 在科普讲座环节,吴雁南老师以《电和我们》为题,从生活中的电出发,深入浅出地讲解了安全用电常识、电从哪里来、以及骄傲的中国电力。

...

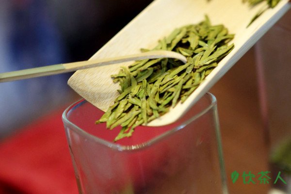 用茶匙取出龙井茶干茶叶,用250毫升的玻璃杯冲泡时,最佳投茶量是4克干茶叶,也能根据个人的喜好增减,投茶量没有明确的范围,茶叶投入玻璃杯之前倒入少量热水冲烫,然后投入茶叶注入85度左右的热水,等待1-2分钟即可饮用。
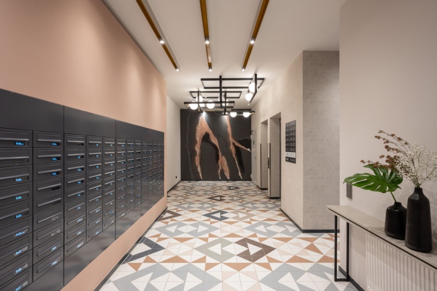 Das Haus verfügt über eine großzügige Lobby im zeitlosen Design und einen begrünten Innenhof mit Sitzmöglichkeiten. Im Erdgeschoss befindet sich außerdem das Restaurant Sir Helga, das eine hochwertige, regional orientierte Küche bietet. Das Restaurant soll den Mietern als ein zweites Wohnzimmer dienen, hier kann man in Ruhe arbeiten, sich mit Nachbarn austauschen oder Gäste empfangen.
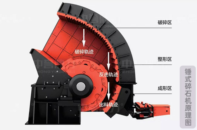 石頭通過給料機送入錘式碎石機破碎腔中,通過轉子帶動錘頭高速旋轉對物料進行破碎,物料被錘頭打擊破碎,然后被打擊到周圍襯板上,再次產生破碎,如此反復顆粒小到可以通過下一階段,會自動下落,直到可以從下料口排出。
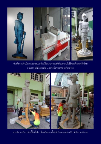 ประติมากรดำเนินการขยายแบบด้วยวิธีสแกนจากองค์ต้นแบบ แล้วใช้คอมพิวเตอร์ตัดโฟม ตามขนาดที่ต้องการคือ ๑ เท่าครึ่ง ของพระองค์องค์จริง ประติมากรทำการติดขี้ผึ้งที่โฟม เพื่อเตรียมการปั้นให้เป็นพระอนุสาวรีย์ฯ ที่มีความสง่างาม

--

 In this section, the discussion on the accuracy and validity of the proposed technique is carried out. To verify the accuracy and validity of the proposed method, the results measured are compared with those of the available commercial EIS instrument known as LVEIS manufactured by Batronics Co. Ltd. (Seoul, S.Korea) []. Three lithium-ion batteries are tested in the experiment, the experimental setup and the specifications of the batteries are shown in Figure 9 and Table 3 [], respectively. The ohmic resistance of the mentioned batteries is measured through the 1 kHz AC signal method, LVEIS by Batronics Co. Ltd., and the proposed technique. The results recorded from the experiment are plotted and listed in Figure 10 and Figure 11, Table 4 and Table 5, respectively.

Directions →
The lines above from the line with "石頭通過給料機送入錘式碎石機" through the line with "แล้วใช้คอมพิวเตอร์ตัดโฟม ตามขนาดที่ต้องการคือ ๑" are to be given again word for word, with no pictures among them.

Task response →
 石頭通過給料機送入錘式碎石機破碎腔中,通過轉子帶動錘頭高速旋轉對物料進行破碎,物料被錘頭打擊破碎,然后被打擊到周圍襯板上,再次產生破碎,如此反復顆粒小到可以通過下一階段,會自動下落,直到可以從下料口排出。
 ประติมากรดำเนินการขยายแบบด้วยวิธีสแกนจากองค์ต้นแบบ แล้วใช้คอมพิวเตอร์ตัดโฟม ตามขนาดที่ต้องการคือ ๑ เท่าครึ่ง ของพระองค์องค์จริง ประติมากรทำการติดขี้ผึ้งที่โฟม เพื่อเตรียมการปั้นให้เป็นพระอนุสาวรีย์ฯ ที่มีความสง่างาม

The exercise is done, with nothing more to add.